Отдаешь навсегда - [24]
А вот и автобаза с полосатым шлагбаумом — интересно, что снится этим машинам, на которые сыплется, сыплется снег, — неужели теплый гараж?…
Возле кинотеатра Лида медленно-медленно, как-то боком валится в сугроб. Я вижу только ее узкую спину, туго обтянутую ворсистой тканью пальто, и подкорченные ноги в тоненьких туфлях, и мне становится страшно.
— Лида, — говорю я и не слышу собственного голоса, — вставай. Я ведь не могу поднять тебя, Лида, вставай, и пойдем домой.
Если бы в эту минуту нашелся на свете хоть один добрый волшебник, который сказал бы мне: «Отдай душу, отдай завтрашний день и все остальные, сколько их еще у тебя будет, а взамен получишь вот сейчас, немедленно, две здоровых и сильных, широких, как лопаты, мужских руки», — я не колебался бы и одного мгновения. Я подхватил бы ее на эти руки, легкую, как воробей, и окоченевшую, как сосулька, и отнес домой, и по дороге я чувствовал бы, как щекочет мне щеку тугой завиток волос, выбившийся из-под ее шапочки, а там будь что будет. Но добрые волшебники живут только в детских сказках, а я давно не читаю сказок и давно не верю им — с той самой осени сорок седьмого года…

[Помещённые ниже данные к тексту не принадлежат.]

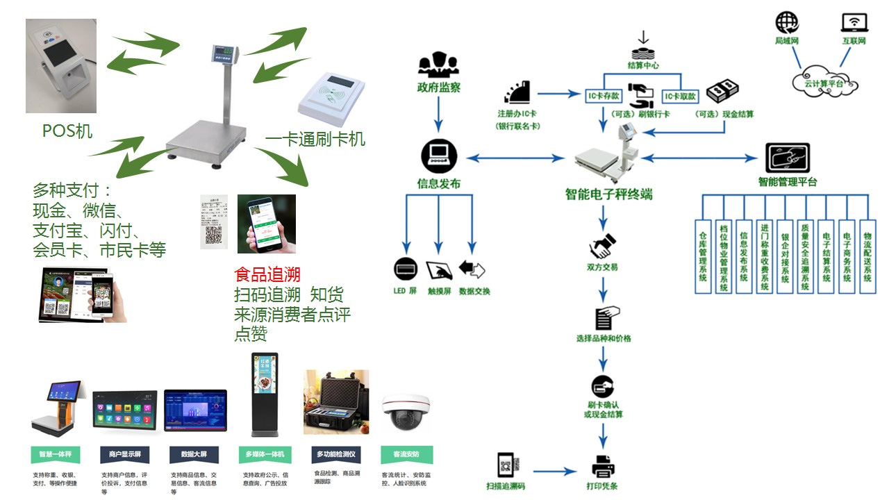 利用物聯(lián)網(wǎng)、云計(jì)算、大數(shù)據(jù)、人工智能、區(qū)塊鏈等信息技術(shù),為市場配備了智慧電子稱、商戶屏、攝像監(jiān)控等設(shè)備及智慧管理平臺,涵蓋“市場、商戶、物業(yè)、經(jīng)營、場務(wù)、數(shù)據(jù)、設(shè)備”各方面管理,實(shí)現(xiàn)市場可管控、可感知、可追溯、合同電子化、收費(fèi)智能化、運(yùn)營智慧化、數(shù)據(jù)一體化,極大降低了人工成本。利用AI技術(shù),實(shí)現(xiàn)水電、停車、人員、防疫等的智能管理,促進(jìn)市場有序高效運(yùn)行,同時(shí)大數(shù)據(jù)實(shí)時(shí)記錄公開透明,產(chǎn)品價(jià)格、農(nóng)殘檢測、產(chǎn)品溯源、商戶證照信息一目了然,交易可追溯,讓老百姓的"菜籃子”拎得更舒心、放心、開心。
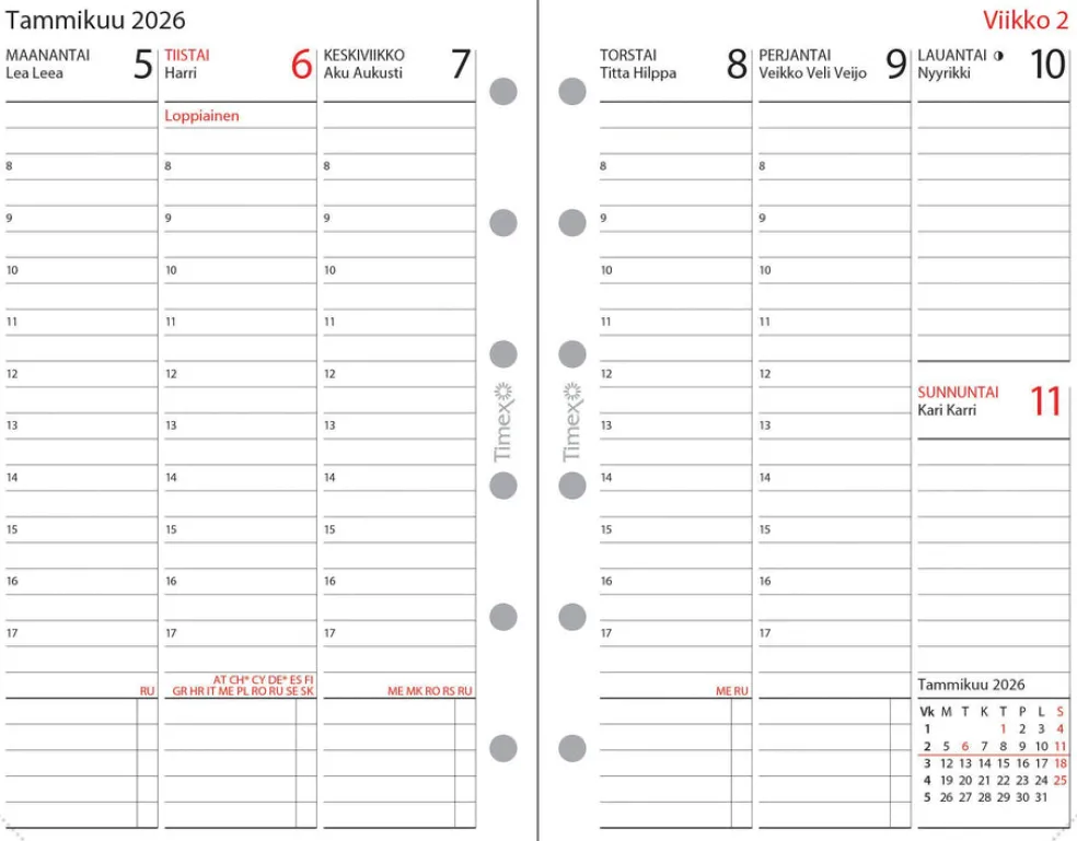 Koko 82 x 128 mm; aukeamalla pystyviikko; päiväkirja 52/2025–1/2027; vuosisuunnitelmat 2026 ja 2027; luettelona suomalaiset ja suomenruotsalaiset nimipäivät; kansalliset vapaapäivät; liputuspäivät Suomessa; vuosiruudukko; FSC®-sertifioitu tuote.

Но Лида встала сама, так же медленно, как и падала, и пошла, покачиваясь, впереди меня по скользкому, присыпанному снегом тротуару, будто по ледяному карнизу над бездонной пропастью.
28
Иногда мне кажется, что во мне живут два совершенно разных человека. Один — напористый и энергичный: обложившись словарями, он читает в подлиннике Шекспира; неделями ковыряется в поломанном радиоприемнике; до хрипоты спорит на занятиях литературного кружка о современной поэзии — одним словом, обыкновенный парень, с некоторым опозданием заканчивающий филфак, в меру самоуверенный и в меру невежественный; второй — его полная противоположность: вялый скептик (чудак, на кой шут тебе этот Шекспир на английском, когда есть такие превосходные переводы!), склонный к нудному самоанализу (в любой мастерской твой приемник отремонтировали бы в сто раз быстрее и лучше, ты зря тратишь время и силы, это никому не нужно, ни тебе, ни другим), болезненно застенчивый и совершенно неспособный к действию (что изменится в твоей жизни, если ты даже поедешь с ребятами на картошку, все равно они будут работать, а ты валять дурака и создавать видимость работы, и от этого будет скверно не только тебе одному — всему курсу)… Как ни странно, эти двое довольно мирно уживаются во мне, только иногда они лениво спорят, и тогда мне кажется, что сам я отступаю в сторону и безучастно прислушиваюсь к ним, словно раздумываю, чья позиция мне ближе.
Первый
А все-таки, черт побери, я наловчился чистить картошку. Стоило только догадаться закрепить на месте нож, и сразу дело пошло на лад. Двадцать минут — и полная кастрюлька. А Данила когда-то говорил — час…
Второй
Не проще ли было сходить поужинать в столовую?
Первый
Конечно, проще, но разве дело в ужине!
Второй
А в чем же?
Первый
Неужели ты не понимаешь? Мне приятно, что я сообразил закрепить нож, что теперь я могу сварить картошку даже в три часа ночи, когда все столовые закрыты.
Второй
Очень хорошо! Но твоя картошка уже сварилась, она уже остывает. Почему ты не ешь?
Первый
Не хочется. Не хочется есть, это же экспериментальная картошка, я недавно обедал. Куда мне столько есть!..
Второй
Конечно, куда тебе столько есть… Да на твою картошку противно смотреть, не то, что есть. Ты острогал ее своим закрепленным ножом, как палку, — из трех килограммов едва набралась маленькая кастрюлька, а ты еще радуешься. Кого ты хочешь обмануть? Себя?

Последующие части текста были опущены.